Em comum, os dois atravessaram uma infância relacionada ao catolicismo. O pai de Frateschi era muito religioso, foi congregado mariano, e o filho, que estudou no Colégio Salesiano, no Alto da Lapa, foi coroinha na capela do bairro. "A comunidade inteira vivia em função da paróquia, era uma rotina, mas, logo na adolescência, eu descobri que pecado não era exatamente o que a Igreja pregava e larguei de mão", afirma Frateschi.
Machado também foi coroinha e, para agradar a mãe devota, quase estudou no seminário da cidade de Assis. "Para a classe média baixa de onde venho, era um bom negócio, porque garantia estudo, alimentação e moradia, mas, na última hora, o meu pai contrariou a ideia", afirma. "Eu me lembro até hoje da presença quase teatral de um padre na minha casa, com a batina preta, uma estola roxa, meio maquiado em domingo de muito calor."
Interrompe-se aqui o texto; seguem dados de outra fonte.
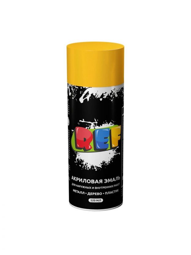 Эмаль аэрозольная, REF, универсальная, акриловая, глянцевая, желтая, 520 мл

Assim como Bento XVI e Papa Francisco, Machado e Frateschi são intérpretes distintos. O primeiro é instintivo, inquieto, enquanto o outro costuma se mostrar mais cerebral, técnico. Sobre a religião, porém, eles chegam a um consenso que mostra a disposição para crer em uma fé que ultrapassa o determinismo da Igreja. "Não tenho religião e prefiro vê-la como uma expressão mítica da nossa ignorância, mas Deus pode se manifestar na natureza, nas pessoas", diz Frateschi.
Machado se considera um ateu que acredita em Deus. Vez por outras, nas caminhadas pelo Bosque da Saúde, onde mora, entra em uma igreja do bairro e fica à vontade naquele clima de silêncio e contemplação, quase como um convite à meditação.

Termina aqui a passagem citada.